The above wholly inadequate description of an interesting part of France will have convinced any rational being that motoring is no way to see the country. And that morning it certainly was not; but then, what of the afternoon? When we rolled out of Orléans after luncheon, both the day and the scene had changed; and what other form of travel could have brought us into such communion with the spirit of the Loire as our smooth flight along its banks in the bland May air? For, after all, if the motorist sometimes misses details by going too fast, he sometimes has them stamped into his memory by an opportune puncture or a recalcitrant “magneto”; and if, on windy days, he has to rush through nature blindfold, on golden afternoons such as this he can drain every drop of her precious essence.
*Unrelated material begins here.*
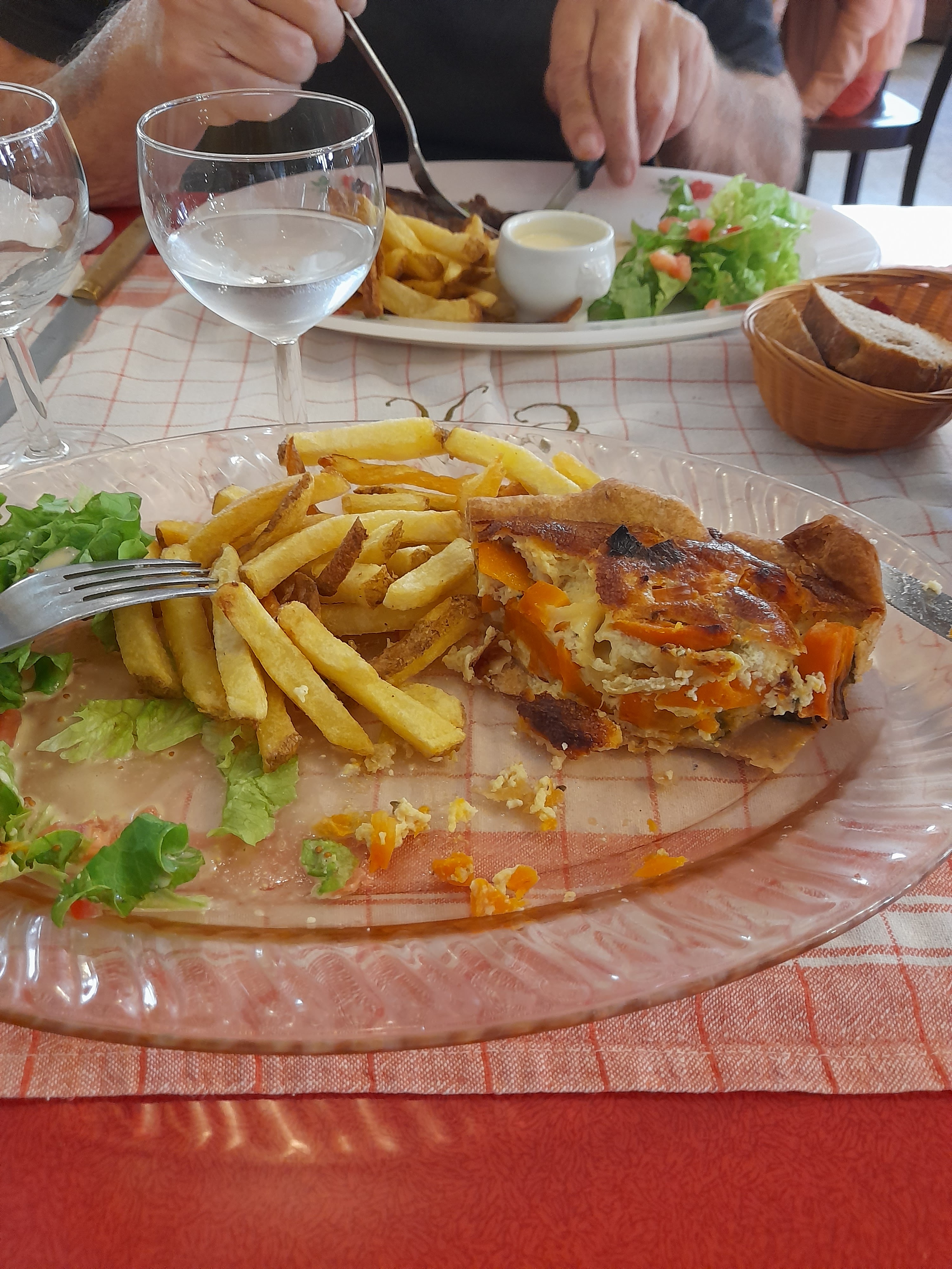 5 personnes dont une enfant très bon accueil cuisine traditionnelle avec de bons produits. Cadre Sympa grande salle bistro restau. In a a adoré à refaire et à recommander

Certainly we got a great deal of the Loire as we followed its windings that day: a great sense of the steely breadth of its flow, the amenity of its shores, the sweet flatness of the richly gardened and vineyarded landscape, as of a highly cultivated but slightly insipid society; an impression of long white villages and of stout conical towns on little hills; of old brown Beaugency in its cup between two heights, and Madame de Pompadour’s Ménars on its bright terraces; of Blois, nobly bestriding the river at a noble bend; and farther south, of yellow cliffs honeycombed with strange dwellings; of Chaumont and Amboise crowning their heaped-up towns; of manoirs, walled gardens, rich pastures, willowed islands; and then, toward sunset, of another long bridge, a brace of fretted church-towers, and the widespread roofs of Tours.
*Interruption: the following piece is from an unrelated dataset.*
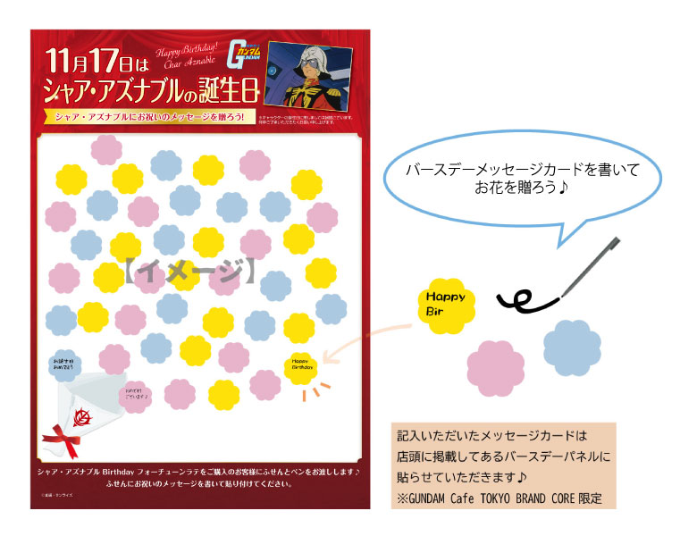在購買「夏亞・阿茲納布爾 Birthday fortuneLatte」時拿到的”留言卡”上,寫下祝賀的留言,裝飾到架設在「fortuneLatte Cafe」門口的Birthday展示板上吧。舉行期間至11月17日(二)為止。

Had we visited by rail the principal places named in this itinerary, necessity would have detained us longer in each, and we should have had a fuller store of specific impressions; but we should have missed what is, in one way, the truest initiation of travel, the sense of continuity, of relation between different districts, of familiarity with the unnamed, unhistoried region stretching between successive centres of human history, and exerting, in deep unnoticed ways, so persistent an influence on the turn that history takes. And after all—though some people seem to doubt the fact—it is possible to stop a motor and get out of it; and if, on our way down the Loire, we exercised this privilege infrequently, it was because, here again, we were in a land of old acquaintance, of which the general topography was just the least familiar part.

It was not till, two days later, we passed out of Tours—not, in fact, till we left to the northward the towered pile of Loches—that we found ourselves once more in a new country. It was a cold day of high clouds and flying sunlight: just the sky to overarch the wide rolling landscape through which the turns of the Indre were leading us. To the south, whither we were bound, lay the Berry—the land of George Sand; while to the northwest low acclivities sloped away, with villages shining on their sides. One arrow of sunlight, I remember, transfixed for a second an unknown town on one of these slopes: a town of some consequence, with walls and towers that flashed far-off and mysterious across the cloudy plain. Who has not been tantalised in travelling, by the glimpse of such cities—unnamed, undiscoverable afterward by the minutest orientations of map and guide-book? Certainly, to the uninitiated, no hill-town is visible on that particularly level section of the map of France; yet there sloped the hill, there shone the town—not a moment’s mirage, but the companion of an hour’s travel, dominating the turns of our road, beckoning to us across the increasing miles, and causing me to vow, as we lost the last glimpse of its towers, that next year I would go back and make it give up its name.